El Partido Acción Nacional (PAN) llevó a cabo su asamblea ordinaria con al menos dos ejes centrales: la exigencia de paz al gobierno federal y la discusión sobre la violencia ocurrida durante la marcha de la “Generación Z” el pasado 15 de noviembre.
El presidente del partido, Jorge Romero, destacó que este encuentro también tenía como propósito la renovación del Consejo Nacional para los próximos tres años, además de un debate sobre posibles reformas a los estatutos del partido. Durante su intervención, Romero hizo hincapié en la creciente inseguridad en el país y subrayó la necesidad de que la militancia se uniera para «alzar la voz por México».
En sus declaraciones, insistió en que México merece recuperar la paz, afirmando que «hoy vivimos en un país donde lamentablemente la violencia impera», y advirtió que esta problemática no se limita al enfrentamiento entre grupos delictivos.

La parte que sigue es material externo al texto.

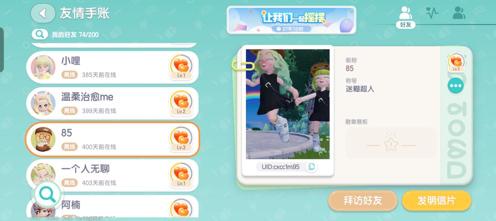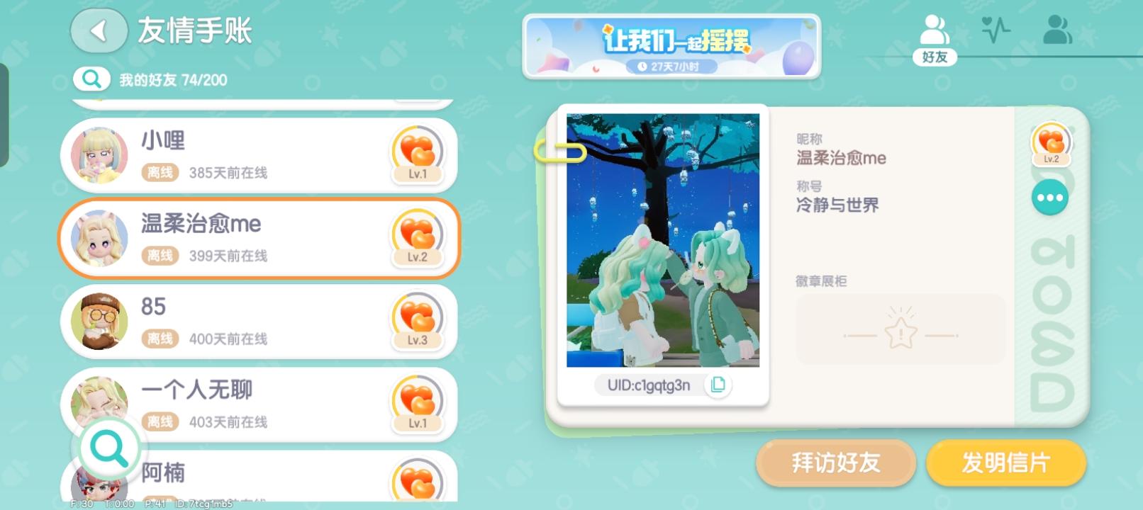 我的我的朋友们,希望你看到这条评论能回来,有的已经离开一年了,你们走后就没有人和我玩了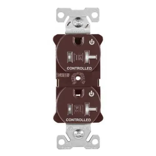 EZTR5362CDB Eaton: Eaton EZLink modular duplex receptacle, 20 A, 125 Vac, 60 Hz, tamper-resistant, dual controlled, NEMA 5-20R, three-wire, brown
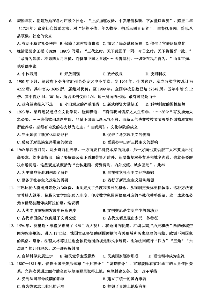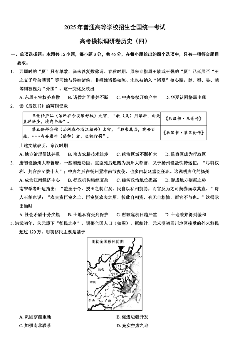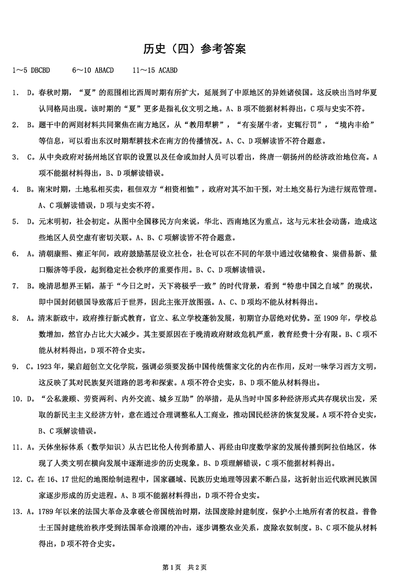 重庆康德卷2025年高考模拟调研(四)历史试题及答案 时间:2025-04-03 重庆 文综试题 重庆康德卷2025年高考模拟调研(四)历史考试已于近日开考,为方便考生考后及时查看考试情况,查漏补缺、弥补不足,本文整理了试题答案解析相关信息! 汇总:重庆康德卷2025年高考模拟调研(四)试题及答案汇总 历史试题及答案解析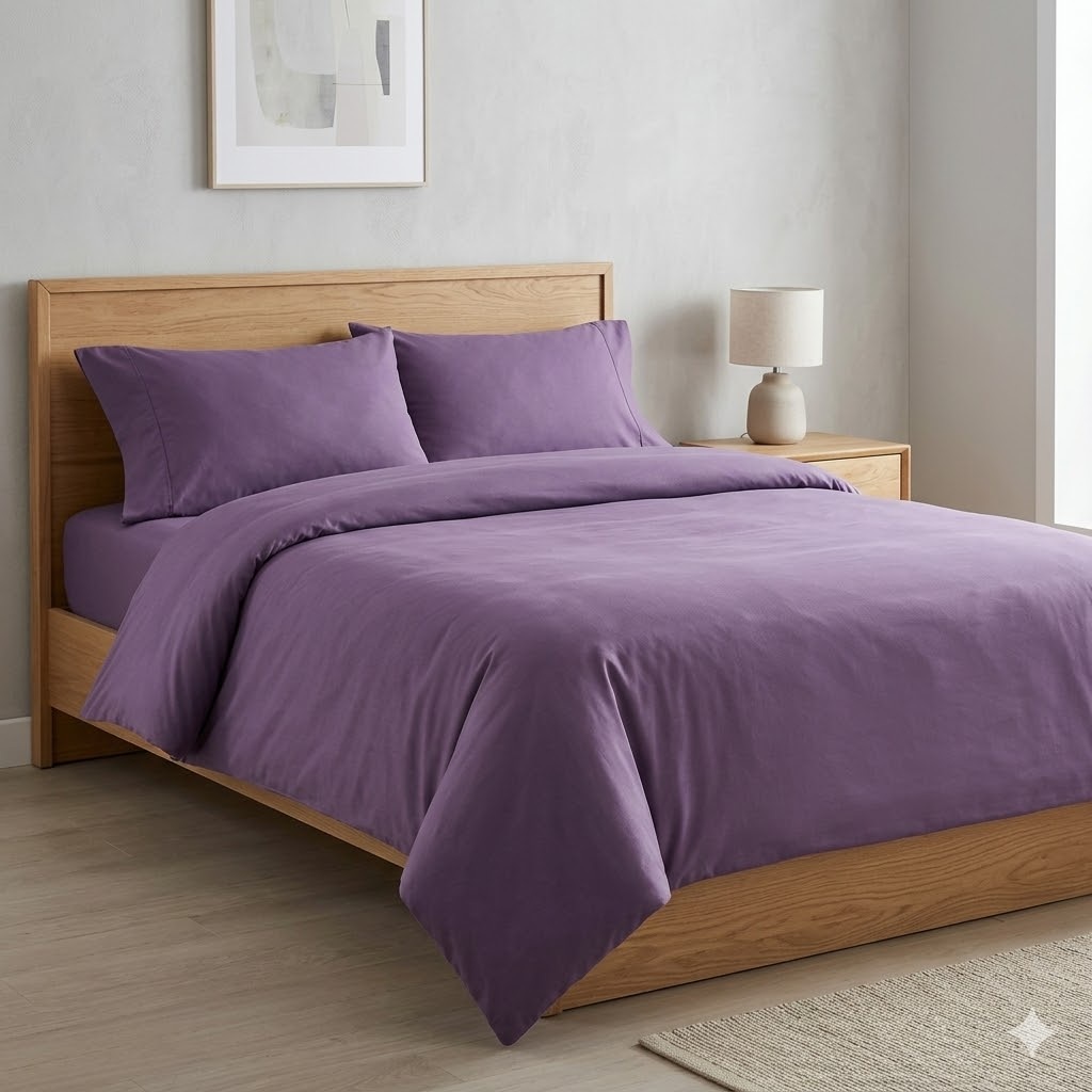 Naturellement respirante, la percale de coton est une matière saine, hypoallergénique et anti-acariens, idéale pour créer un environnement de sommeil sain et apaisant. Sa teinte violette, profonde et tendance, apporte du caractère à votre literie et sublime votre décoration intérieure.

Romero también se pronunció sobre la violencia acontecida en la marcha del 15 de noviembre, en la que se registraron ataques entre individuos encapuchados y las fuerzas de seguridad. Durante estos incidentes, 29 personas fueron detenidas y 84 elementos de la Secretaría de Seguridad Ciudadana resultaron heridos.
Además, el partido ha presentado un recurso ante la Comisión Interamericana de Derechos Humanos (CIDH) con el fin de solicitar la apertura de una investigación sobre la violencia policial en esa manifestación, alegando violaciones a los derechos humanos de los manifestantes en diversas locaciones, incluidos la Ciudad y el Estado de México.